*Input data:*
=== Begin Enclosure ===
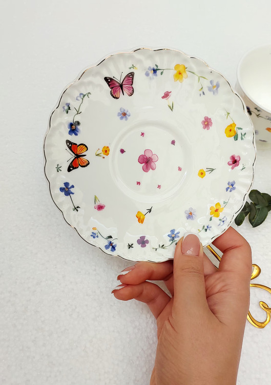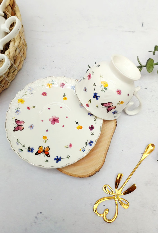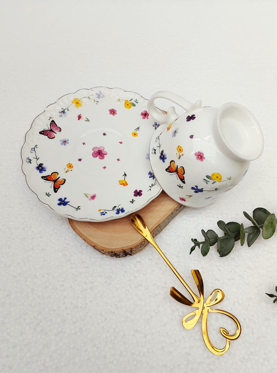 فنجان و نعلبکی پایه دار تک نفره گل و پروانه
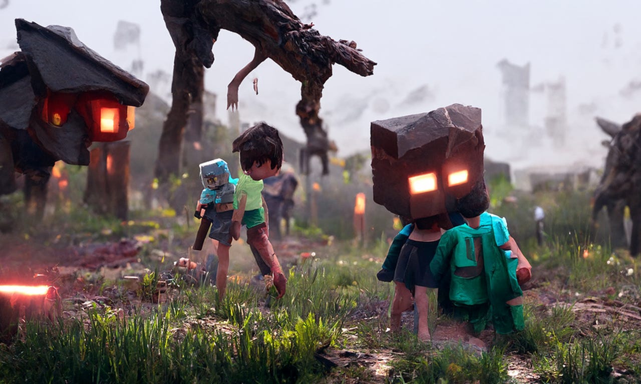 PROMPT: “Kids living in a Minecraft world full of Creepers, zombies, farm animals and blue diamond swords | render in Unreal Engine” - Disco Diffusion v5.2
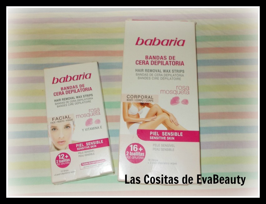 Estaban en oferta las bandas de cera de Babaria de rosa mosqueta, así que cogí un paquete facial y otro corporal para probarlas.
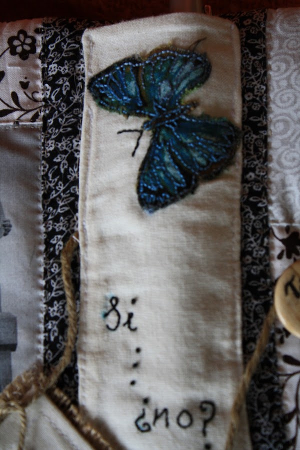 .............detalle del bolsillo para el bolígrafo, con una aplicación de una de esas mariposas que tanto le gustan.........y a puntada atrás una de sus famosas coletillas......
=== End Enclosure ===
*Problem to solve:* Everything in the listing except the pictures must be reproduced exactly.

*Solution to this problem:*
 فنجان و نعلبکی پایه دار تک نفره گل و پروانه
 PROMPT: “Kids living in a Minecraft world full of Creepers, zombies, farm animals and blue diamond swords | render in Unreal Engine” - Disco Diffusion v5.2
 Estaban en oferta las bandas de cera de Babaria de rosa mosqueta, así que cogí un paquete facial y otro corporal para probarlas.
 .............detalle del bolsillo para el bolígrafo, con una aplicación de una de esas mariposas que tanto le gustan.........y a puntada atrás una de sus famosas coletillas......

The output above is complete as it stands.